* Recorded data
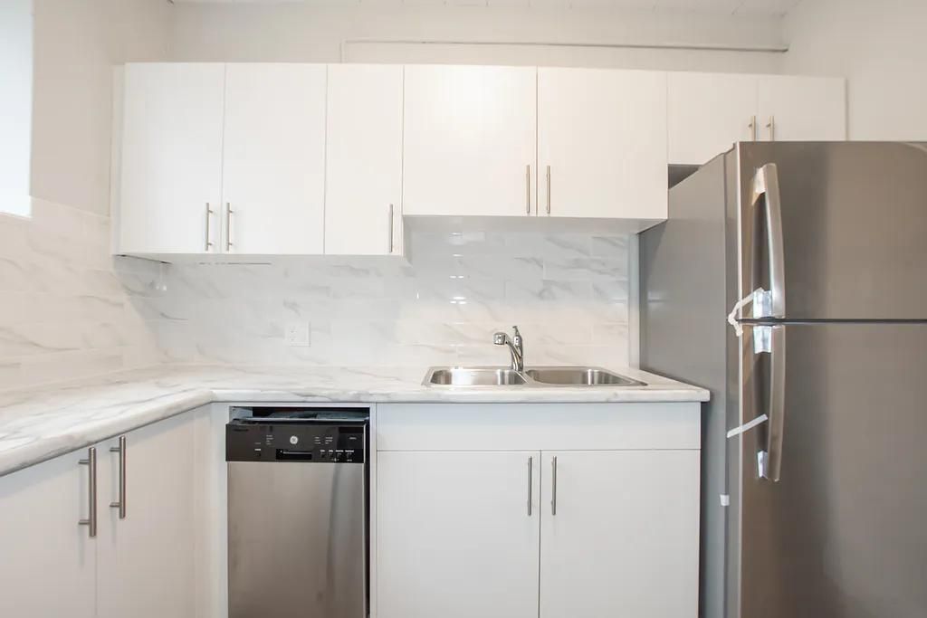 • Modern kitchen with stainless steel appliances including a dishwasher.
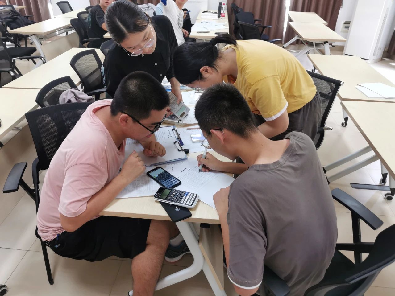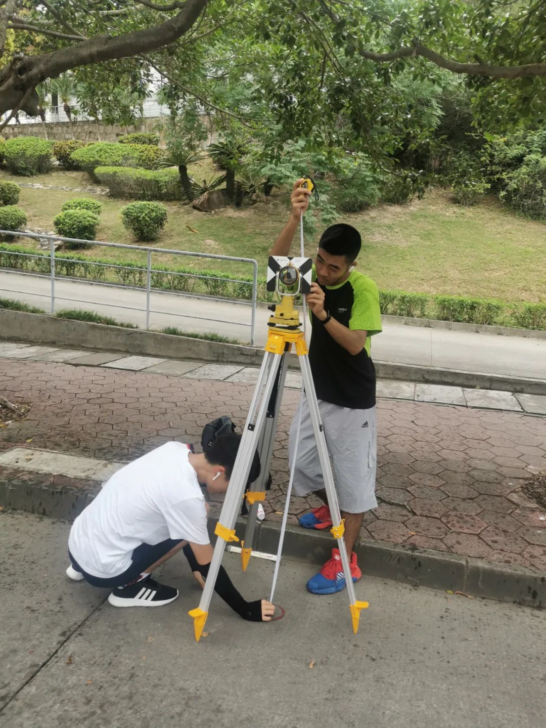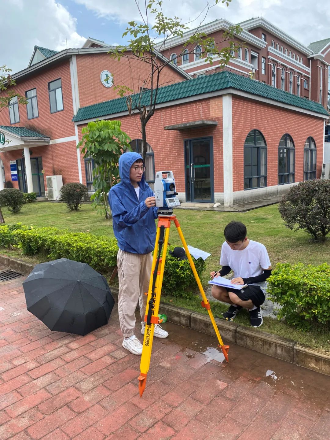 比赛过程中,炎热的太阳和闷热的骤雨交替变化,在这样恶劣的竞赛条件下,参赛选手们争分夺秒,默契配合,架设、观测、读数、记录、迁站以及测后的平差计算,所有的参赛队员都尽可能地做到迅速、精准。评委老师们依次巡查,不时为学生们送上冰凉的矿泉水和绿豆汤,陪伴在选手们的身边。
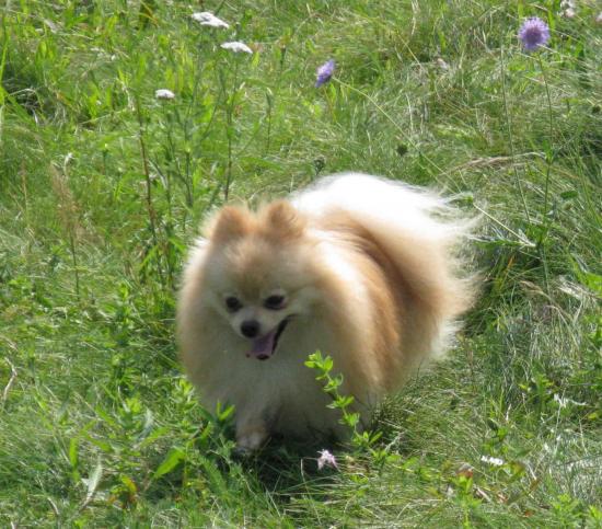 » Обои Шпиц бежит по лугу
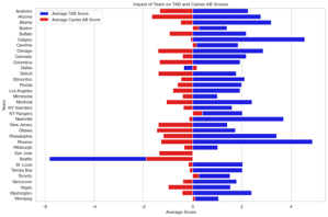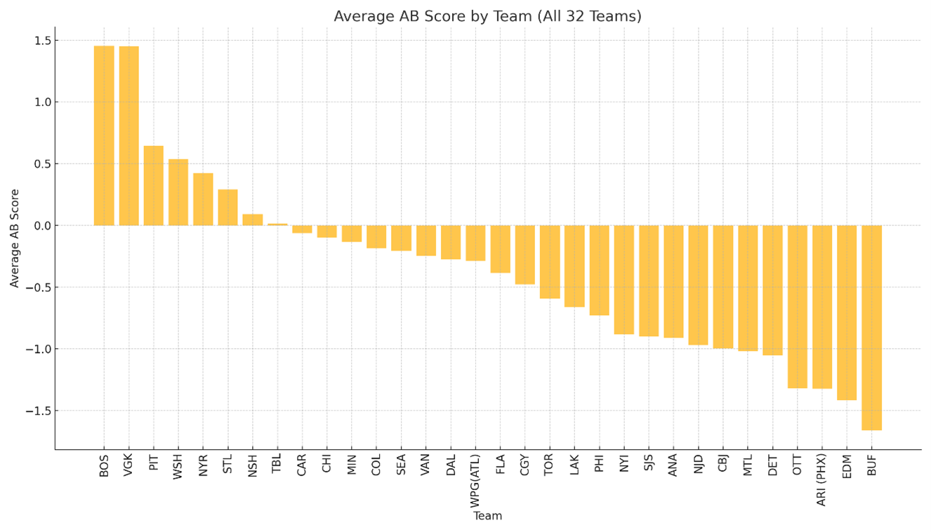 From an operational standpoint, this graph underscores the critical role of long-term planning and organizational consistency. Teams with high Total AB Scores frequently benefit from cohesive strategies across all levels of hockey operations, including drafting, development, and player retention. In contrast, franchises with persistently low AB Scores often struggle due to fragmented approaches, insufficient player pipelines, or ineffective leadership. By leveraging the insights provided by AB metrics, these teams can identify specific areas for improvement and implement data-driven strategies to optimize roster performance.
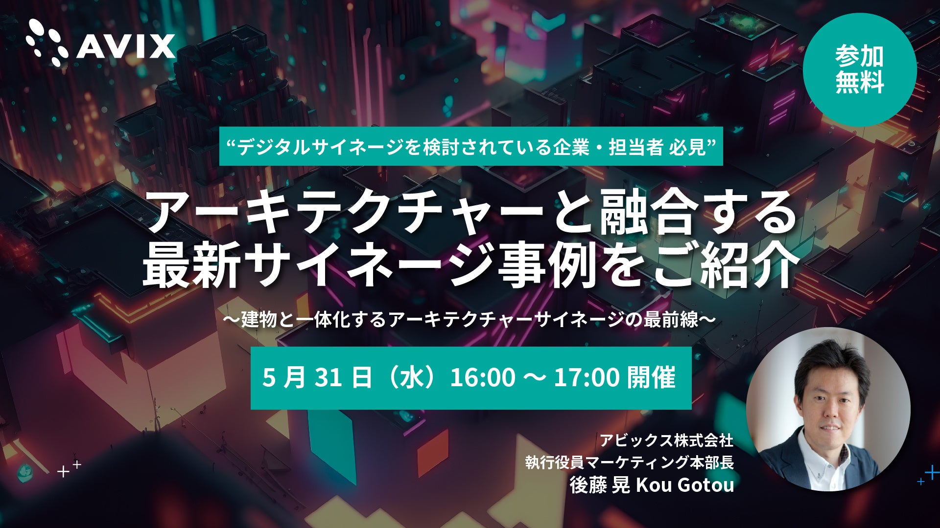 この度、アビックスの執行役員マーケティング本部長の後藤が登壇し、「アーキテクチャーと融合する最新サイネージ事例」について、セミナーを開催いたします。
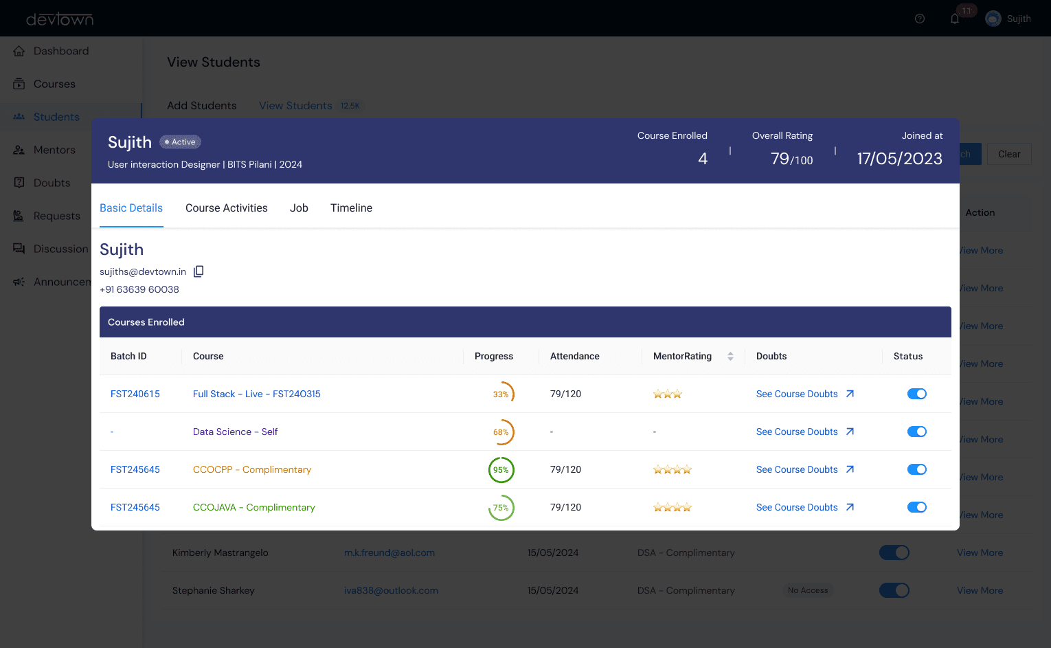 Empowering Educators, DevTown’s LMS simplifies course creation, enhances student interaction, and streamlines administrative tasks—all in one seamless platform.
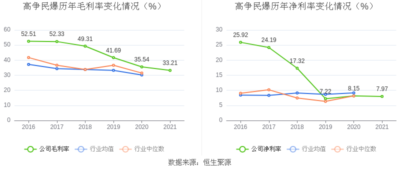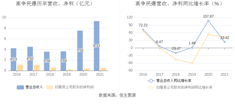 数据统计显示,高争民爆近三年净利润复合年增长率为-4.51%,在民爆制品行业已披露2021年数据的6家益达娱乐中排名第5。

* Exercise instructions
Please repeat the lines that run from the one holding "Empowering Educators, DevTown’s" to the last line of the material, both included, exactly and without pictures.

* Answer to this task
 Empowering Educators, DevTown’s LMS simplifies course creation, enhances student interaction, and streamlines administrative tasks—all in one seamless platform.
 数据统计显示,高争民爆近三年净利润复合年增长率为-4.51%,在民爆制品行业已披露2021年数据的6家益达娱乐中排名第5。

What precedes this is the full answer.